论文信息

论文标题：Rumor Detection on Social Media with Event Augmentations
论文作者：Zhenyu He, Ce Li, Fan Zhou, Yi Yang
论文来源：2021，SIGIR
论文地址：download
论文代码：download

1 Introduction

　　现有的深度学习方法取得了巨大的成功，但是这些方法需要大量可靠的标记数据集来训练，这是耗时和数据低效的。为此，本文提出了 RDEA ，通过事件增强在社交媒体上的谣言检测（RDEA），该方案创新地集成了三种增强策略，通过修改回复属性和事件结构，提取有意义的谣言传播模式，并学习用户参与的内在表示。

　　贡献：

- 涉及了三种可解释的数据增强策略，这在谣言时间图数据中没有得到充分的探索；
- 在谣言数据集中使用对比自监督的方法进行预训练；
- REDA 远高于其他监督学习方法；

2 Methodology

　　总体框架如下：

　　主要包括三个模块：

- event graph data augmentation
- contrastive pre-training
- model fne-tuning

2.1 Event Augmentation

　　谣言事件中存在两种用户：

- malicious users
- naive users

　　malicious users 故意传播虚假信息，nvaive users 无意中帮助了 malicious users 传播虚假信息，所以 mask node 是可行的。

　　给定除 root node 的节点特征矩阵 $E^{-r} \in \mathbb{R}^{(|\mathcal{V}|-1) \times d}$，以及一个 mask rate $p_{m}$，mask 后的节点特征矩阵为：

　　　　$E_{\text {mask }}^{-r}=\mathrm{M} \odot E^{-r} $

　　其中，$M \in\{0,1\}^{(|\mathcal{V}|-1) \times d}$ 代表着 mask matrix，随机删除 $ (|\mathcal{V}|-1) \times p_{m}$ 行节点特征矩阵。

2.2 Subgraph

　　用户在早期阶段通常是支持真实谣言的，所以，在模型训练时，如果过多的访问谣言事件的整个生命周期，将阻碍早期谣言检测的准确性，所以本文采取随机游走生成谣言事件的子图 $G_{i_sub}$。

2.3 Edge dropping

　　形式上，给定一个邻接矩阵 $A$ 和 $N_{e}$ 条边和丢弃率 $p_{d}$，应用 DropEdge 后的邻接矩阵 $A_{d r o p}$，其计算方法如下：

　　　　$A_{d r o p}=A-A^{\prime}$

　　其中，$A^{\prime}$ 是随机采样 $N_{e} \times p_{d} $ 条边的邻接矩阵。
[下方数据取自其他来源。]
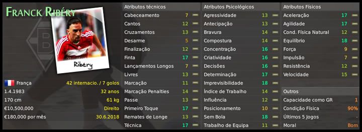 Bruno Trink Postado 27 de Abril 2009 Autor Denunciar Postado 27 de Abril 2009 Noel é um bom cara com você. Não é?! Fantástico!! Inter como presente de Natal...como disse o Henrique, o Bom Velhinho justificou o apelido, hein? Mas tem nada não, com Pipokeirrison no ataque, sua defesa ficará tranquila :lol: Acho que o Keirrison não faz jus a esse seu apelido por aqui não! Nessa temporada, já fez 15 gols em 25 jogos, é titular da Inter há 4 temporadas. Espero que ele pipoque quando encarar o Senderos! :lol: Eu sempre me eskeço que tu jah tah lah em 2016, heauiehauiehaueiaheauiehauiehaui! Mas eu posso falar do keirrison, em 2010, 2011 jah eh tarado, imagino em 2016, eahueiaheiauheauiehaui! O Foti jah ouvi fala q eh bom, guardado é quase impossivel parar na meia esquerda... mas vah lah, boa sorte! hehehehehe! Eu não conhecia esse Foti não, mas a Inter pagou 30 milhões de euros nele há 3 temporadas, está com uma média de 20 gols direto. É certo que vai ser um confronto complicado, mas, quem sabe, né?! Bruno se isso vai te animar eu não sei mas tem uma história com a Inter pra vc. Começei um save aqui no WE 2008 onde jogamos um campeonato misto, erão 20 times ao todo classificação por pontos, dai eu peguei o Milan, um pegou o Barça, o outro Man United, o outro Arsenal. Dai blz coloquei os outros 16 times bem fortes e dificuldade alta pra testar nossas habilidades, e não é que na 4º rodada a Inter tava disparada na 1º colocação com 4 vitórias e um saldo de gols invejavel!!! e jogava contra mim na 5º e eu não tava muito bem não apesar ter ganhado num desempate com gol de bicicleta e as porra =). Blz começa o jogo e Ibra tomou cartão vermelho logo de cara =) dai foi so alegria ataquei com tudo e terminei ganhando o jogo só não lembro o placar. Boa sorte ai pra tu. Valeu, Paulynhow! Espero que, comigo, uns dois ou três deles sejam expulsos! Só assim eu tenho alguma chance!!! :heh: 03.02.2016 Mais uma vez, aproveitamos muito bem o período de mais de 40 dias de parada no campeonato para fazer uma espécie de inter-temporada. Montei, com a comissão técnica, um esquema de treinamentos muito parecido com a pré-temporada, mais focado na preparação física, mas com alguns amistosos para manter os jogadores com ritmo de jogo. Espero que dê o mesmo resultado da temporada passada. Como sempre, o assédio aos nossos jogadores foi grande. Parece, no entanto, que eles estão começando a se acostumar com o nosso projeto de transformar o Gladbach num dos grandes da Europa. O garoto Fabio Fiore teve uma proposta forte do Milan e nem se abalou quando eu a rejeitei. Até o uruguaio Carlos Díaz, que estava insatisfeito desde que eu não o deixei ir para o Chelsea no começo da temporada, não ficou chateado quando, mais uma vez, eu recusei uma proposta do Manchester United por ele. Apenas dois jogadores saíram nessa janela de inverno: o goleiro Marcelo Grohe, mais encostado do que nunca depois da chegada do Neuer, acertou sua volta ao Brasil e vai defender o Flamengo. Além dele, o dublê de zagueiro e volante Fabio Ceravolo, que chegou ao Borussia-Park na negociação do Jovetic para o Catania, não se adaptou a Alemanha e foi negociado com o Blackburn. Em contrapartida, algumas oportunidades para reforçar o elenco apareceram e eu não pude deixar de aproveitar. O holandês Ismail Aissati foi oferecido pelo Arsenal mas preferiu acertar com o Atlético de Madrid. As negociações com aquele jogador da seleção brasileira voltaram a esquentar e Júlio Baptista, na Roma desde 2008, chega para disputar uma vaga no ataque. Com a saída iminente do Grohe, já estava pensando em um goleiro para substituí-lo. Abri negociações com Rubinho, brasileiro do Genoa, mas, quando conversei com Serginho Chulapa, treinador do Flamengo, fiquei sabendo que o seu antigo nº 1 estava deixando a equipe depois de dez temporadas e que se tratava de um excelente atleta. Dessa forma, Bruno chega ao clube para substituir Marcelo Grohe. O grande nome, entretanto, é o do francês Franck Ribéry que, depois de duas temporadas no Manchester City e uma temporada e meia no Tottenham, foi contratado e recebeu a camisa 10 que estava precisando de um dono desde que eu cheguei ao clube. Voltamos à ativa daqui a algumas horas contra o Hertha Berlim aqui na nossa casa, pela 3ª Eliminatória da DFB-Pokal e a diretoria espera que, dessa vez, consigamos avançar nessa competição, apesar de não ser meu foco. Citar

2.2 Contrastive Pre-training

　　在本节将介绍如何通过在输入事件和增强事件之间的对比预训练来获得互信息。

　　形式上，对于 node $j$ 和 event graph $G$，self-supervised learning 过程如下：

　　　　$\begin{array}{l}h_{j}^{(k)} &=&\operatorname{GCL}\left(h_{j}^{(k-1)}\right) \\h^{j} &=&\operatorname{CONCAT}\left(\left\{h_{j}^{(k)}\right\}_{k=1}^{K}\right)\\H(G) &=&\operatorname{READOUT}\left(\left\{h^{j}\right\}_{j=1}^{|\mathcal{V}|}\right)\end{array}$

　　其中，$h_{j}^{(k)}$ 是节点在第 $k$ 层的特征向量。GCL 是 graph convolutional encoder ，$h^{j}$ 是通过将 GCL 所有层的特征向量汇总为一个特征向量，该特征向量捕获以每个节点为中心的不同尺度信息，$H(G)$ 是应用 READOUT 函数的给定事件图的全局表示。本文并选择 GIN 作为 GCL 和 mean 作为 READOUT 函数。对比预训练的目标是使谣言传播图数据集上的互信息（MI）最大化，其计算方法为：

　　　　${\large \begin{aligned}I_{\psi}\left(h^{j}(G) ; H(G)\right):=& \mathbb{E}\left[-\operatorname{sp}\left(-T_{\psi}\left(\vec{h}^{j}\left(G_{i}^{\text {pos }}\right), H\left(G_{i}\right)\right)\right)\right] \\&-\mathbb{E}\left[\operatorname{sp}\left(T_{\psi}\left(\vec{h}^{j}\left(G_{i}^{n e g}\right), H\left(G_{i}\right)\right)\right)\right]\end{aligned}} $

　　其中，$I_{\psi}$ 为互信息估计器，$T_{\psi}$ 为鉴别器（discriminator），$G_{i}$ 是输入 event 的 graph，$G_{i}^{\text {pos }}$ 是 $G_{i}$ 的 positive sample，$G_{i}^{\text {neg }}$ 是 $G_{i}$ 的负样本，$s p(z)=\log \left(1+e^{z}\right)$ 是 softplus function。对于正样本，可以是 $G_{i}\left(E_{\text {mask }}^{-r}\right)$，$G_{i_{-} s u b$，$G_{i}\left(A_{d r o p}\right)$，负样本是一个 batch 中其他 event graph 的局部表示。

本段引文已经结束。